2019 Makati hotel arrests
The Luffy robberies are linked back to the arrest of 36 Japanese nationals in a hotel in Makati over running a telecom fraud and extortion scheme. According to the Japanese police, the group has victimized 1,393 Japanese nationals with damages estimated to cost around  (). The detained individuals were deported between 2020 and 2021.

Suspects
The Luffy robberies has been masterminded by an individual operating under the alias "Luffy", after Monkey D. Luffy, the protagonist of the Japanese manga series One Piece. Japanese and Philippine media reports has named Yuki Watanabe to be "Luffy", but authorities in the Philippines has not confirmed this, leaving it up for their Japanese counterparts to confirm the identity the individual behind "Luffy".

Yuki Watanabe is detained at the Bureau of Immigration Bicutan Detention Center. He has been detained since April 19, 2021 and has been a subject of a summary deportation order since May 28, 2021. However his deportation has been placed on hold for another alleged crime in the Philippines – a violence against women and children (VAWC) charged filed against him.

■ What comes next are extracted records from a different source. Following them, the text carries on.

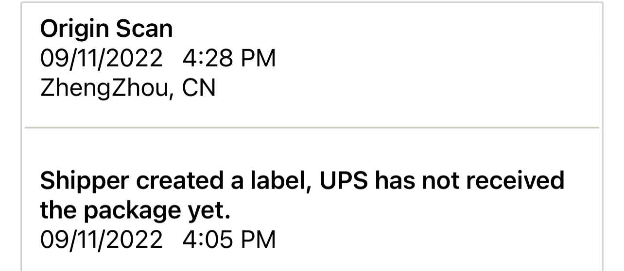 Checked the UPS app, delivery on 9/16!
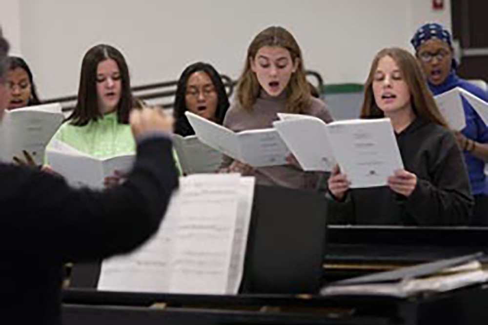 The RIT Singers rehearse for a community concert at RIT. Directed by Ed Schell, music program director in RITâs College of Liberal Arts, The RIT Singers, along with a string quartet, clarinetist, flutist and percussionist, premiered an original piece of music commissioned for RITâs 175th anniversary at a community concert earlier this month.
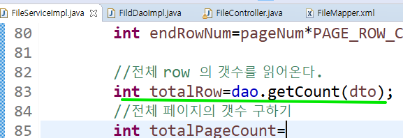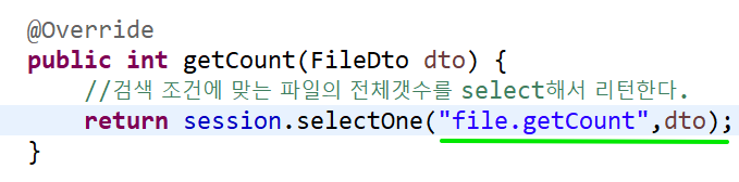 getCount-페이징 로직에 사용하는 파일 전체의 갯수리턴

Another Japanese national, Imamura Kiyoto has a similar VAWC case filed against him and also had his deportation deferred. Tomonobu Saito and Fujita Toshiya are other suspects to the case. All four are suspected to be senior members of the group behind the Makati hotel fraud and extortion scheme busted back in 2019.

Activities
Criminal activity in Japan related to the Luffy robberies are believe to first began in the Japanse summer of 2021. No less than 50 incidents in 14 prefectures has been suspected to be linked with the Luffy group since that period. Watanabe, Kiyoto, Saito, Toshiya, the suspected ringleaders of the Luffy operation, are already under detention in the Philippines when they started their scheme.

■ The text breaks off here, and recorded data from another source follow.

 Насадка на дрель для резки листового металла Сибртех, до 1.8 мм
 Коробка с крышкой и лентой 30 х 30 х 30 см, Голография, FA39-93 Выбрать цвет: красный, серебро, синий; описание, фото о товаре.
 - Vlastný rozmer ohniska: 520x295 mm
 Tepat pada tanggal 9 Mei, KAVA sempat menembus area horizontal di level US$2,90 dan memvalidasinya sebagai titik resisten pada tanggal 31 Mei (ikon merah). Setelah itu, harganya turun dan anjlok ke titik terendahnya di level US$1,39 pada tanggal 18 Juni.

With access to mobile phones, they recruited accomplices to Japan via social media. They offered "dark part-time jobs" for prospects in exchange for high financial compensation. They would relay instructions to gang members via the Telegram application. Accomplices would pose as police officers or Japan Financial Services Agency members and trick victims that their accounts has been compromised. They would aim to visit their victim's residences to steal their target's ATM cards and withdraw all the money in it.

Accomplices in Japan has been receiving instructions from individuals based in the Philippines under the names Luffy and Kim.

2023 deportations
On January 30, 2023, the government of Japan requested the Philippine government to deport the four suspects back to Japan. They first requested for the deportation back in 2019 but they have been held in the Philippines over separate criminal charges filed in Philippine courts.

Toshiya Fujita and Kiyoto Imamura were deported back to Japan on February 7, 2023 after their cases in the Philippines were dismissed. Yuki Watanabe and Tomonobu Saito were deported the following day.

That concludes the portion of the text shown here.